** MATERIAL FOR THE TASK **
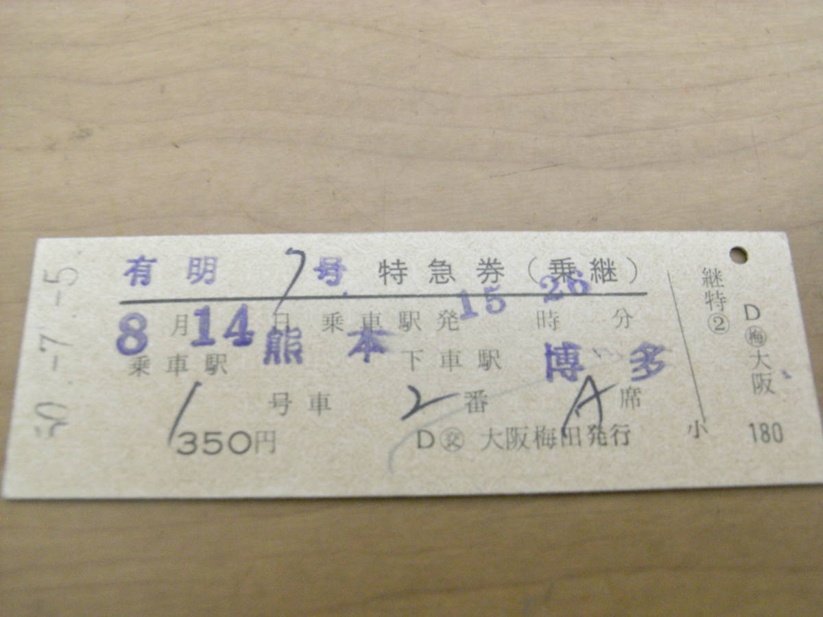 - 雷鳥7号 特急券(乗継) 乗車駅 熊本 下車駅 博多 昭和50年7月5日発行 交 大阪梅田発行
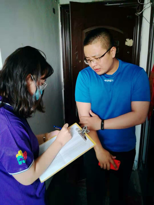 (社工走访居民家里,了解疫苗接种情况)
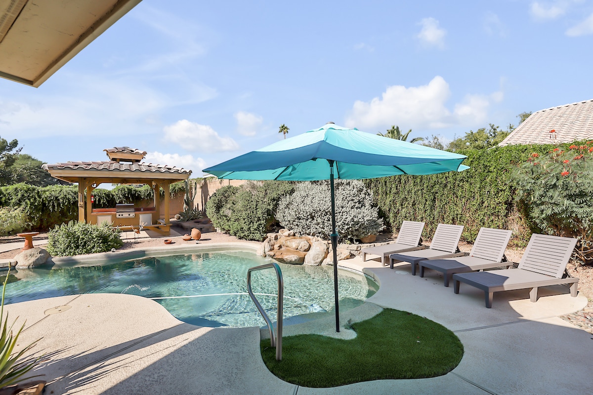 Welcome to the luxurious 3BR 2Bath getaway nestled in the tranquil neighborhood of Peoria, AZ. Escape the big-city crowds and enjoy the mesmerizing ambiance of the backyard with the swimming pool and many relaxing and fun amenities while being close to numerous resort attractions, landmarks, and activities. ✔ 3 Comfortable BRs ✔ Open Design Living ✔ Full Kitchen ✔ Game Room ✔ Backyard (Pool, BBQ, Putting Green, Gazebos...) ✔ Smart TVs ✔ High-Speed Wi-Fi ✔ Free Parking Learn more below!
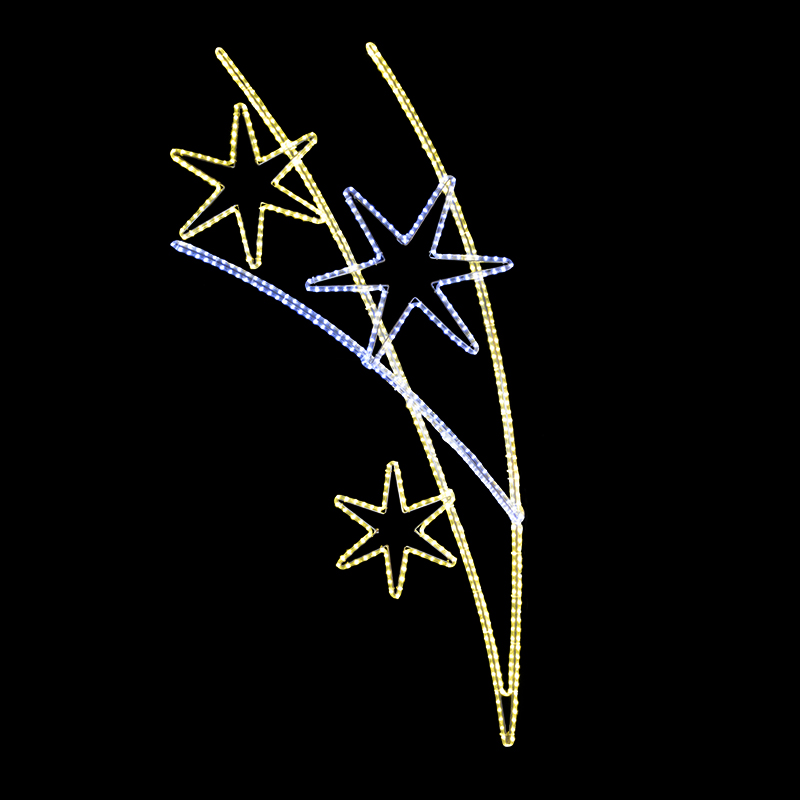 Dekorace 3 hvězdy na prutech pro vnitřní i venkovní použití LED kabel příkon 67 W výška 224 cm x šířka 106 cm váha 6,8 kg duralová konstrukce osazena LED světelným kabelem Možnosti umístění dekoru: ozdoba sloupu veřejného osvětlení - rozteč 1 m - potřeba 2 úchytů rovnoběžně s fasádou kolmo na fas... celý popis
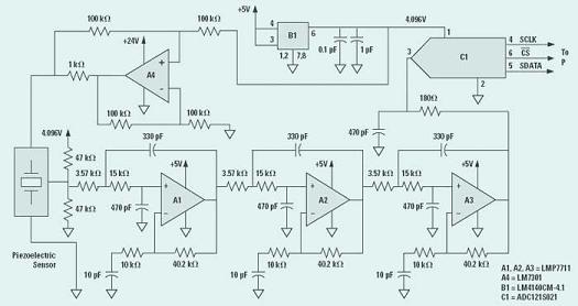 ADC121S021是一款設(shè)有串行外圍接口(SPI)的12位、200kSPS單端輸入轉(zhuǎn)換器。型號為LM4140ACM-4.1的另一款高精度電壓參考電路可為這款模擬/數(shù)字轉(zhuǎn)換器提供電壓參考,并為濾波放大器提供偏壓,并設(shè)置濾波器的偏置電壓為模擬/數(shù)字轉(zhuǎn)換器輸入電壓范圍的一半。傳感器的輸出屬于交流電信號,而中度的電平偏移可將信號轉(zhuǎn)移到模擬/數(shù)字轉(zhuǎn)換器輸入電壓范圍內(nèi)的中央位置。LM4140芯片也可為LM730132V通用放大器(即A4放大器)所輸出的壓控電流提供電壓參考。傳感器內(nèi)置的MOSFET可為壓電傳感電路提供緩沖。A4放大器負責(zé)輸出電流,以便驅(qū)動組成為共源級放大器的MOSFET,而有關(guān)晶體管則通過交流耦合與輸出終端裝置連接在一起。
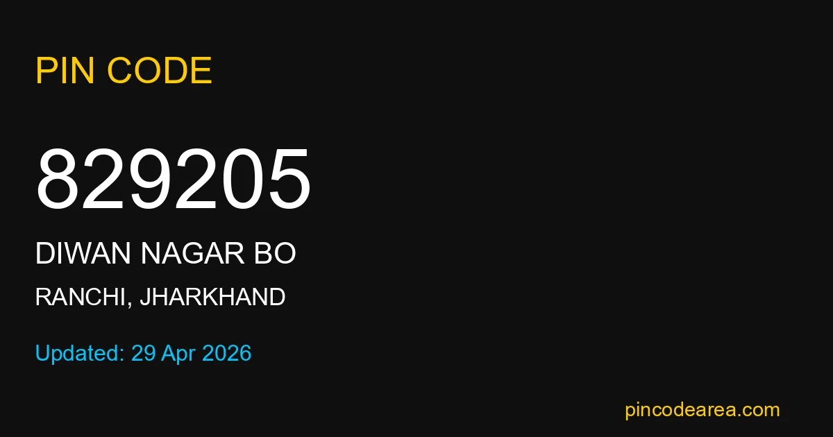829205 PIN Code is assigned to Diwan Nagar BO Post Office located in Ranchi district of Jharkhand. It helps identify the exact delivery area for postal and courier services.

** WHAT YOU SHOULD DO **
Transcribe, without alteration, each line from the one with "(社工走访居民家里,了解疫苗接种情况)" through the last line of the data; no pictures belong in the copy.

** YOUR SOLUTION **
 (社工走访居民家里,了解疫苗接种情况)
 Welcome to the luxurious 3BR 2Bath getaway nestled in the tranquil neighborhood of Peoria, AZ. Escape the big-city crowds and enjoy the mesmerizing ambiance of the backyard with the swimming pool and many relaxing and fun amenities while being close to numerous resort attractions, landmarks, and activities. ✔ 3 Comfortable BRs ✔ Open Design Living ✔ Full Kitchen ✔ Game Room ✔ Backyard (Pool, BBQ, Putting Green, Gazebos...) ✔ Smart TVs ✔ High-Speed Wi-Fi ✔ Free Parking Learn more below!
 Dekorace 3 hvězdy na prutech pro vnitřní i venkovní použití LED kabel příkon 67 W výška 224 cm x šířka 106 cm váha 6,8 kg duralová konstrukce osazena LED světelným kabelem Možnosti umístění dekoru: ozdoba sloupu veřejného osvětlení - rozteč 1 m - potřeba 2 úchytů rovnoběžně s fasádou kolmo na fas... celý popis
 ADC121S021是一款設(shè)有串行外圍接口(SPI)的12位、200kSPS單端輸入轉(zhuǎn)換器。型號為LM4140ACM-4.1的另一款高精度電壓參考電路可為這款模擬/數(shù)字轉(zhuǎn)換器提供電壓參考,并為濾波放大器提供偏壓,并設(shè)置濾波器的偏置電壓為模擬/數(shù)字轉(zhuǎn)換器輸入電壓范圍的一半。傳感器的輸出屬于交流電信號,而中度的電平偏移可將信號轉(zhuǎn)移到模擬/數(shù)字轉(zhuǎn)換器輸入電壓范圍內(nèi)的中央位置。LM4140芯片也可為LM730132V通用放大器(即A4放大器)所輸出的壓控電流提供電壓參考。傳感器內(nèi)置的MOSFET可為壓電傳感電路提供緩沖。A4放大器負責(zé)輸出電流,以便驅(qū)動組成為共源級放大器的MOSFET,而有關(guān)晶體管則通過交流耦合與輸出終端裝置連接在一起。
829205 PIN Code is assigned to Diwan Nagar BO Post Office located in Ranchi district of Jharkhand. It helps identify the exact delivery area for postal and courier services.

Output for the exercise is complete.